The Tudor-style manor is still there, but the residents who called it by that name are gone.
For rents ranging from $480 to $600 each, 11 people shared the stately four-storey home in one of the wealthiest neighbourhoods in the most expensive city in North America. Their lease was not renewed.
Ami Muranetz cofounded the collective house in February of last year. Although shared living has been around for a long time, the sustainability consultant notes that some don’t quite get what it’s all about.
“There was a misunderstanding that we were a hostel, and so we were shut down,” Muranetz told the Georgia Straight in a phone interview a couple of days before she and her housemates moved out on May 31.
Among the many hats worn by Muranetz is that of an associate at One Earth. It’s a Vancouver nonprofit “think-and-do tank” cofounded by Bill Rees, a UBC professor emeritus known for developing the “ecological footprint” concept, which is a measure of human demand on the Earth’s resources.
According to Muranetz, the property manager told the residents that the home’s insurance was going to be a problem because of their nontraditional living arrangement. She said the owner is based overseas.
Muranetz doesn’t think that a 6,000-square-foot home is something that a typical family would look for.

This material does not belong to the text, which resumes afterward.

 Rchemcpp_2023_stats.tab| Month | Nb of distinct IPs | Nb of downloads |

“It’s a very big house,” she said. “I doubt that one family would want to rent it for $6,300 a month.”
The Vancouver Collective House Network counts almost 50 shared homes in and around the city. They vary in size and the number of residents.
A collective house is quite different from cohousing and cooperative housing models. It’s a home where residents share living space, food, and house chores.

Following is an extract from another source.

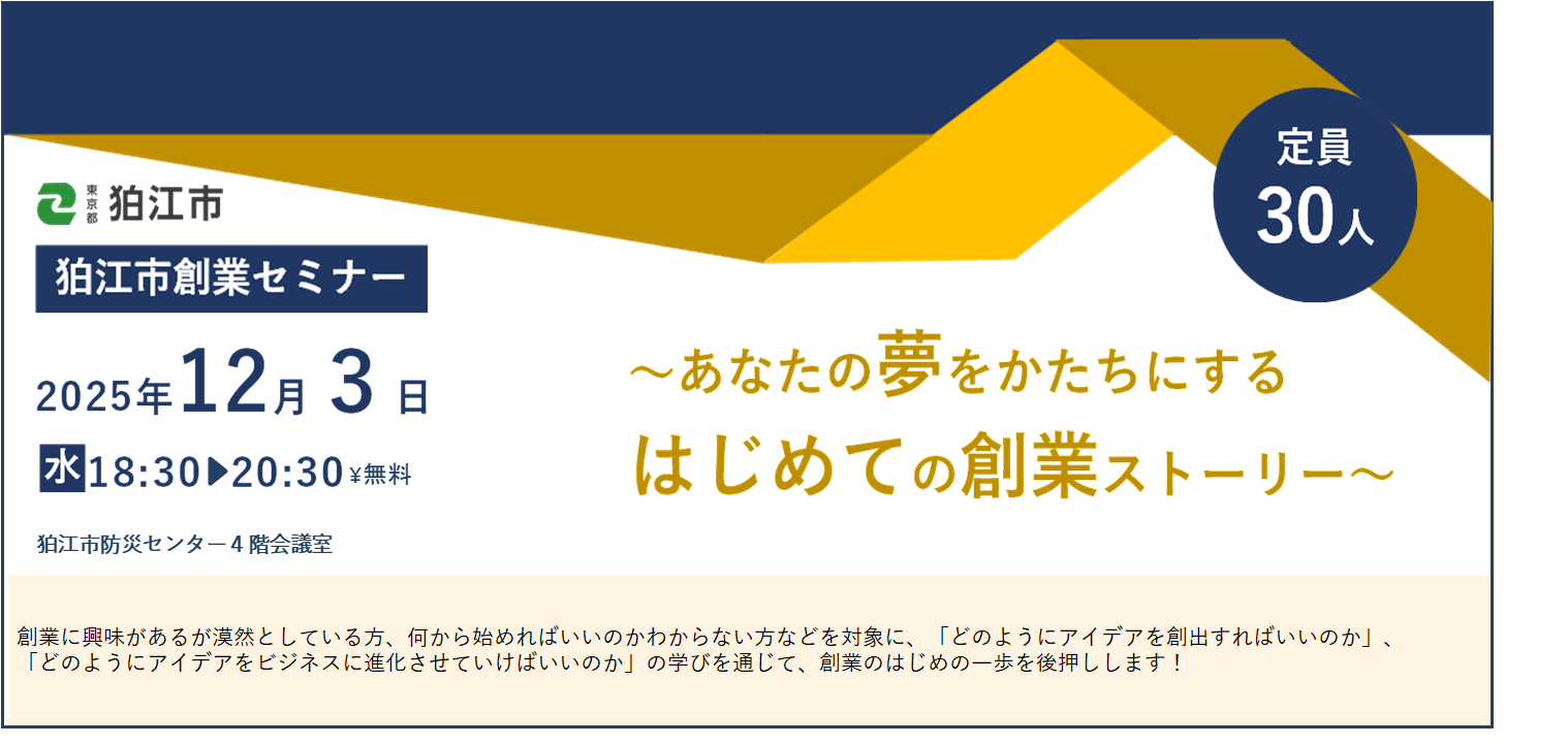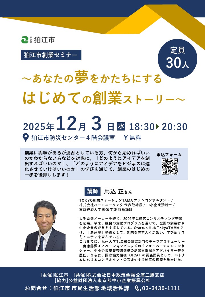 ~あなたの夢をかたちにする はじめての創業ストーリー~(狛江市創業セミナー)

“The city needs to support collective housing as a strategy to provide affordable housing,” Muranetz said.
She believes that this approach could unlock housing stock in vacant investment properties in neighbourhoods across the city.
Muranetz also thinks that it could work to house seniors, single moms, and others who share common situations.
At a recent forum on housing, Muranetz brought the topic up with councillor Geoff Meggs of the ruling Vision Vancouver party.
Meggs told the Straight in a phone interview that he has asked city staff to see what can be done.
The second-term councillor noted that the city’s role may be similar to what it’s doing with respect to cultural spaces, which is to “facilitate or demonstrate to both landlords and potential groups of renters how to prepare themselves for a good relationship, rather than get involved”.
“The model she proposes is exactly how I lived all the way through university, sharing homes with people on a joint-tenancy basis,” Meggs recalled.
What’s new this time is that the current generation has the Internet and web-based tools to connect with potential housemates, according to the Vision councillor.
Meggs said that property owners are often wary about renting to groups of mostly untethered people. “Landlords would want to know that there was someone responsible for the property though a lease,” he said. “That’s just common sense.”
Meggs also indicated that he’s interested to know how many big houses in the city are left unoccupied for sale by investor-owners.
According to Muranetz, at least 40 percent of estates in the Shaughnessy neighbourhood alone are vacant.
She plans to apply for a grant under Vancouver’s Greenest City 2020 initiative to develop a tool kit to support collective-housing efforts.
Although she has lost the Light House, she and her documentary-filmmaker partner have moved into another collective house, a 7,000-square-foot mansion on Southwest Marine Drive. Their rent is $900 a month for one bedroom.
“It’s a Spanish mansion on the river,” Muranetz said. “And it’s even more beautiful than the one we were just in.”